The Uniform Commercial Code provides that specific performance they be decreed when the goods sold are unique or in other proper circumstances [2-716] The Code retains the traditional requirement that the goods be unique and that there be no adequate remedy law. However, the Code also allows this specific performance remedy in other circumstances, which generally means that the goods cannot be bought elsewhere at a reasonable price. For example peaches and oranges are not unique. But if an early severe frost destroys most of the peaches and oranges, drastically raising the price of the surviving crop, a court might award specific performance to a buyer in a contract to sell peaches and oranges.
18. Rescission
The equitable remedy of rescission is available in a variety or circumstances. It may be granted by a court of equity when a transaction has been induced by fraud or mistake. Rescission will also be granted to a minor in order that he may exercise his privilege of withdrawing from a contract. It is also used as a remedy if one party's breach of a contract is so substantial that the other party should not be required to perform either. This is covered in detail in chapter 12.
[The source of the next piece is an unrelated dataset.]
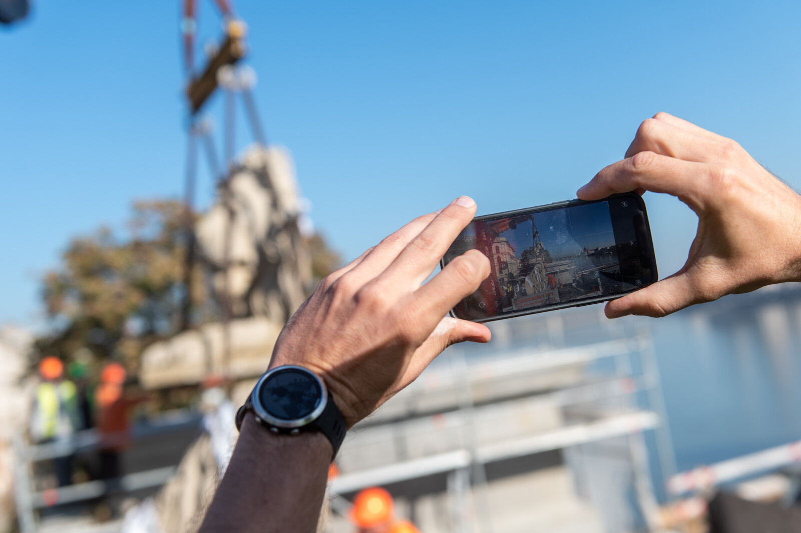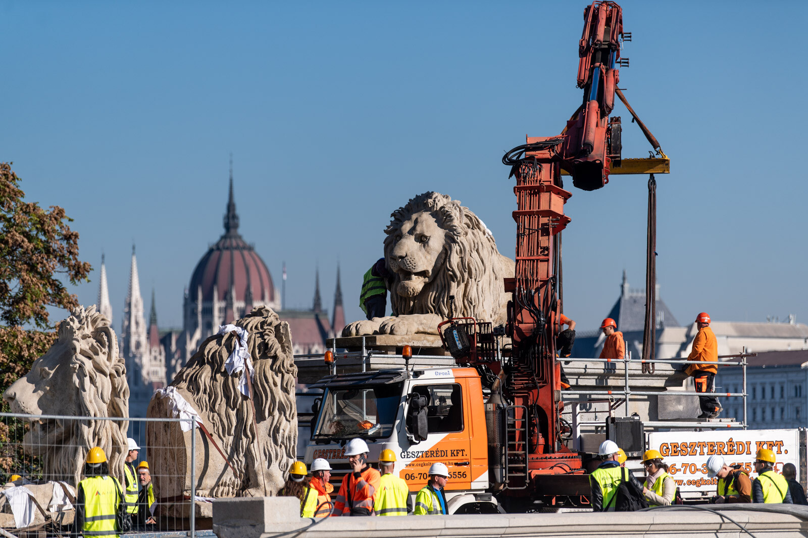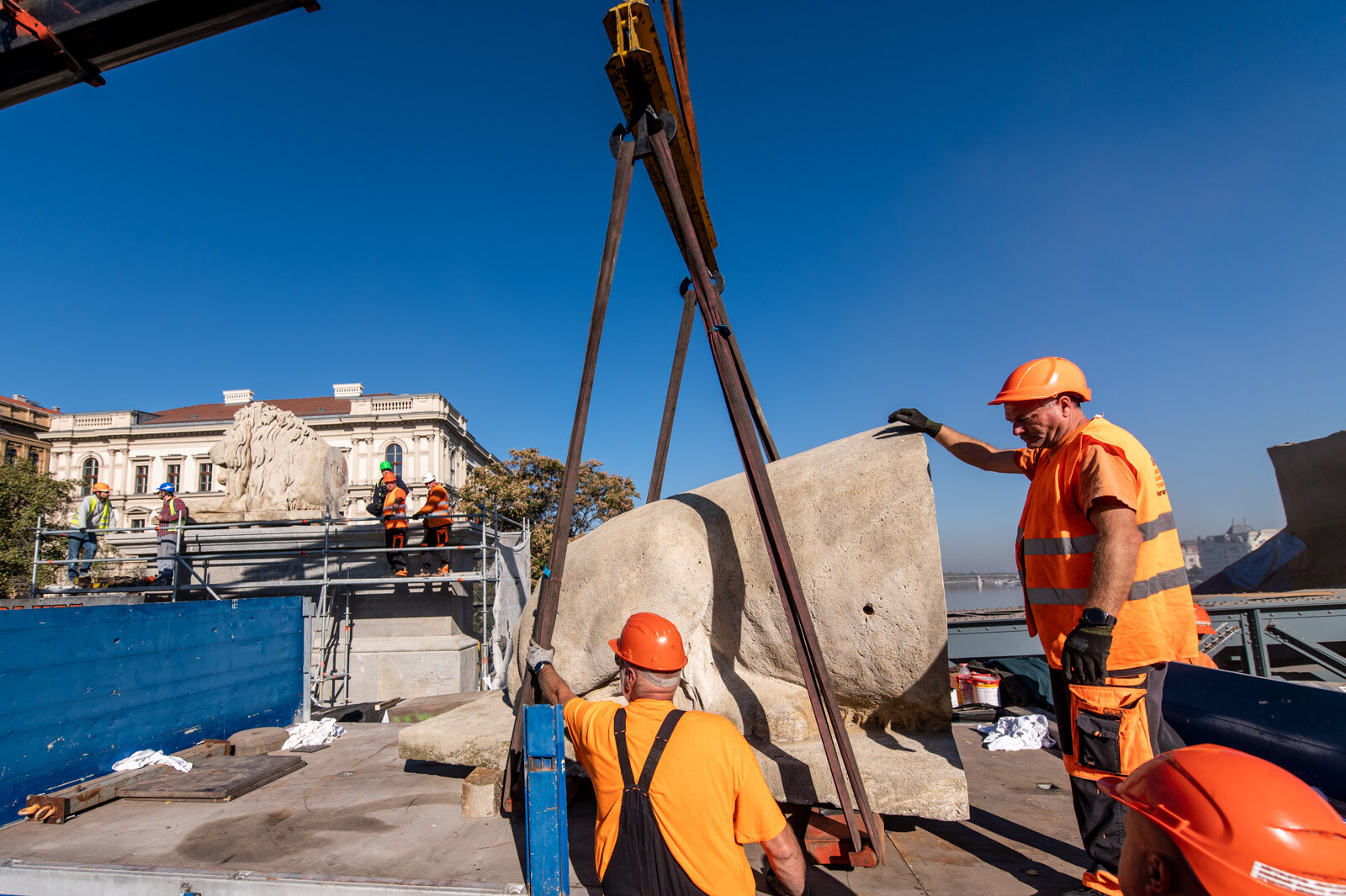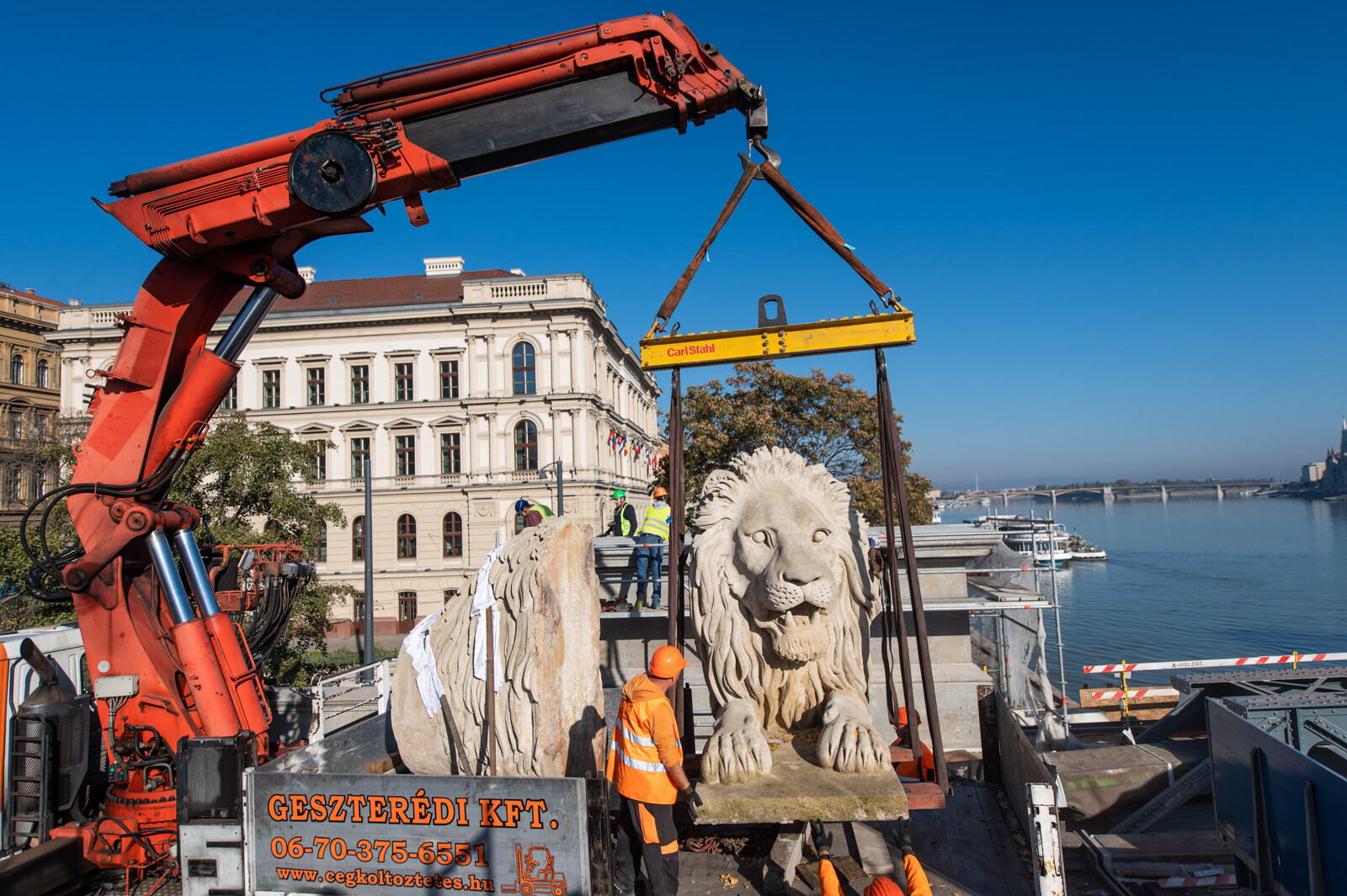 A tavaly augusztusban elszállított szobrok kedden egy pótkocsis autódaru, illetve két teherautó által érkeztek vissza a helyszínre. A több kőtömbből álló oroszlánokat, ahogy az elszállításnál, most is három külön részben mozgatják, a talpazatukon újra összeillesztik, végleges rögzítésük pedig még hetekig eltart.

A party who discovers facts that warrant rescission of a contract has a duty to act promptly. If he elects to rescind, he must notify the other party within reasonable time. So that rescission may be accomplished when parties may still be restored, as nearly as possible, to their original positions. A Party entitled to rescission may either avoid the contract or affirm it. Once he makes his choice, he may not change it. Failure to rescind within a reasonable time is tantamount to affirming the contract. The party who seeks rescission must return what he has received in substantially as good condition as it was when he received it. Since this remedy is an equitable one, it is subject to the usual maxims of courts of equity.